With patched version or without?

On 24. Apr 2021, at 16:58, Michael @.***> wrote:

 I set this up in a lab and works great (192.168.10 is local and 192.168.11 is remote):

FW1.localdomain# sh ip ospf route ============ OSPF network routing table ============

============ OSPF router routing table ============= R 192.168.11.4 [10] area: 0.0.0.0, ASBR via 10.251.251.2, ipsec1

============ OSPF external routing table =========== N E2 192.168.11.0/24 [10/20] tag: 0 via 10.251.251.2, ipsec1

FW1.localdomain# sh ip route Codes: K - kernel route, C - connected, S - static, R - RIP, O - OSPF, I - IS-IS, B - BGP, E - EIGRP, N - NHRP, T - Table, v - VNC, V - VNC-Direct, A - Babel, D - SHARP, F - PBR, f - OpenFabric,

  • selected route, * - FIB route, q - queued route, r - rejected route

K> 0.0.0.0/0 [0/0] via 10.10.12.1, 00:00:39 C> 10.10.12.0/24 [0/1] is directly connected, vtnet0, 00:00:39 C> 10.251.251.0/30 [0/1] is directly connected, ipsec1, 00:00:39 C> 10.255.255.0/24 [0/1] is directly connected, vtnet2, 00:00:39 C> 192.168.10.0/24 [0/1] is directly connected, vtnet1, 00:00:39 O> 192.168.11.0/24 [110/20] via 10.251.251.2, ipsec1 onlink, weight 1, 00:00:16 FW1.localdomain# exit root@FW1:~ # netstat -nr Routing tables

Internet: Destination Gateway Flags Netif Expire default 10.10.12.1 UGS vtnet0 10.10.12.0/24 link#1 U vtnet0 10.10.12.101 link#1 UHS lo0 10.251.251.1 link#8 UHS lo0 10.251.251.2 link#8 UH ipsec1 10.255.255.0/24 link#3 U vtnet2 10.255.255.1 link#3 UHS lo0 127.0.0.1 link#5 UH lo0 192.168.10.0/24 link#2 U vtnet1 192.168.10.1 link#2 UHS lo0 192.168.11.0/24 10.251.251.2 UG1 ipsec1

— You are receiving this because you were mentioned. Reply to this email directly, view it on GitHub, or unsubscribe.

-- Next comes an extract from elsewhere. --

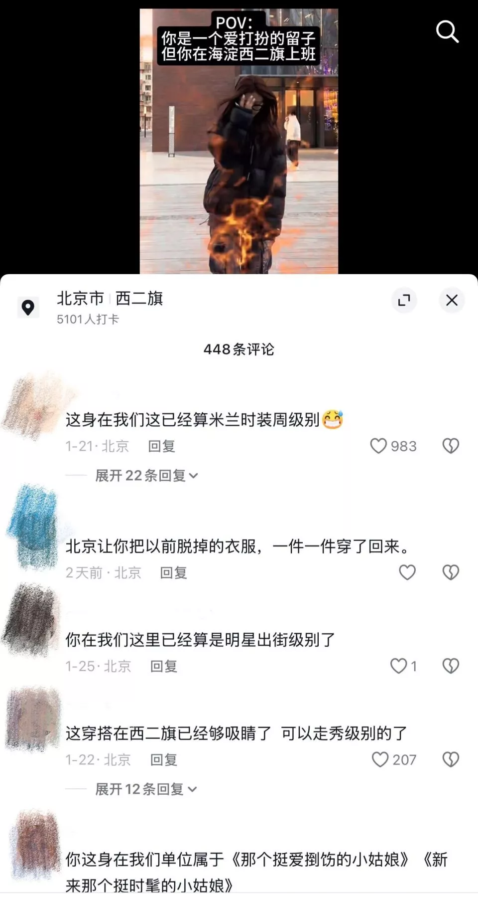 这份心照不宣的生活共鸣,更在互联网上催生出诸多趣味调侃。就像当下大热的网络话题 “POV:你是一个爱打扮的‘留子’,但是你在海淀”,欲抑先扬、充满反差感的一条条趣味短视频,精准戳中了每个在北京生活的人的反审美焦虑。

mimugmail commented 3 years ago

Unpatched. I also rebooted twice and everything was fine

wobblywob commented 3 years ago

I've updated to OPNsense 21.1.5-amd64 OpenSSL, I've rebooted several times today and so far it looks like it works for me.

johnlaur commented 3 years ago

I believe in my last report there was some other unrelated problem that was preventing frr from applying the local routes; I am not sure that it had anything to do with the issue of the interface being detected as unnumbered. I will really need to set this up completely in isolation to explore properly. I had originally tried to use OSPF over ipsec as a stopgap since OSPF wasnt working over wireguard, however thanks to advice from @mimugmail I am now back to my original configuration with OSPF with wireguard-kmod (instead of wireguard-go) which is behaving exactly as I would have expected. I do still have to force the interface to be treated as POINTTOPOINT since it is not automatically picked up. (I am still using the patched frr from @fichtner )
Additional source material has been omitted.